Economic planning through manipulation of money and credit does not
work. It creates the bubbles and it creates the problems. were not
going to solve this bubble by doing the more of the sane. Someday we
have to wake up and challenge this whole concept of central economic
planning through central banking as well as the keynesian economics.
Whether we should have intervention in the economy. Why can't the
interest rate be the relation between savers and borrowers as it is
supposed to be. We are witnessing the failure of the whole economic
policy. More liquidity in already liquidity heavy market will create
mal-investments and we will have temporary phony growth, which will
not be sustainable for longer time.What we need is higher interest
rates so that we can have more savings and less spending.
More liquidity is not going to work, cause if it works than no body in
India will ever have to go to work. We will just print the money.We
don't need more liquidity. What we need is more savings and with more
savings the banks can loan that extra money from extra savings to
private businesses and productive jobs can be created.
Every Time the RBI Engages In More Liquidity and Devalues the Rupee, It
Is Defaulting on the Indian People by Eroding their Purchasing Power and
Inflating their Savings Away. The Rupee Has Lost Nearly 50% of Its Value
Against Gold Since 2008 ... This Is a Default.

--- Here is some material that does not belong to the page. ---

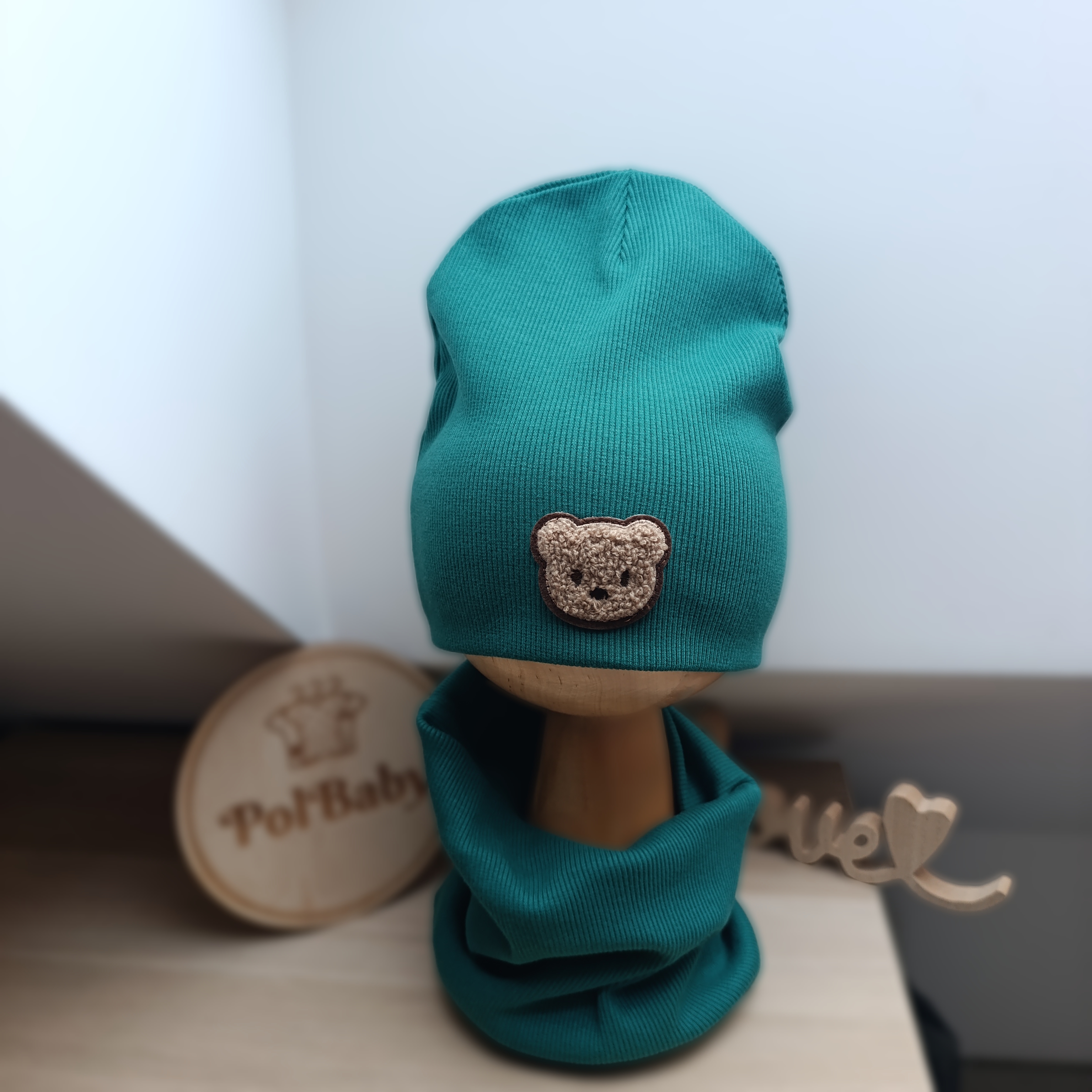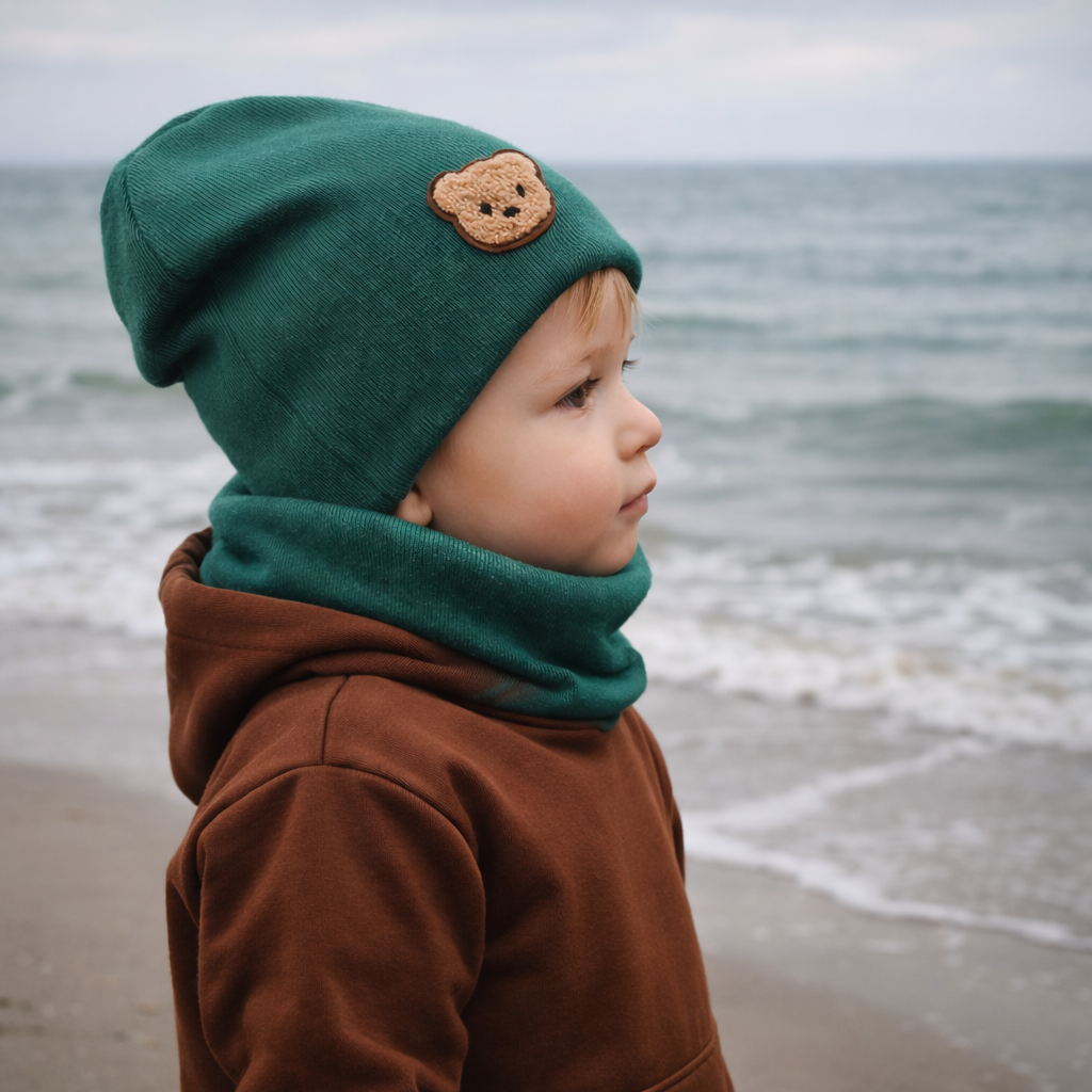 Komplet czapka i komin butelkowa zieleń z misiem

Just Because It Is a
Default On The People and Not The Banks and The Holders of Our Debt Does
Not Mean It Doesn't Count.
The problem is that the people who didn't see the downturn coming and
are unable to understand what were reasons for the downturn are now in
charge to fix the economy.You cannot solve a problem with out
understanding it. The RBI will further destroy this economy and
currency. The 17000 cr injection will give temporary high(like
marijuana) but the hangover will be much worse. We are still in the
hangover of excess liquidity of 2008 and 2009 we don't need more
liquidity. We don't need to print more money, what we need to do is
increase the purchasing power of the rupees already existing in the
market.What we need is stronger rupee not a weaker rupee.This excess
liquidity is not going to work. Cause if works, nobody in India will
ever have to go to work. We will just print the money.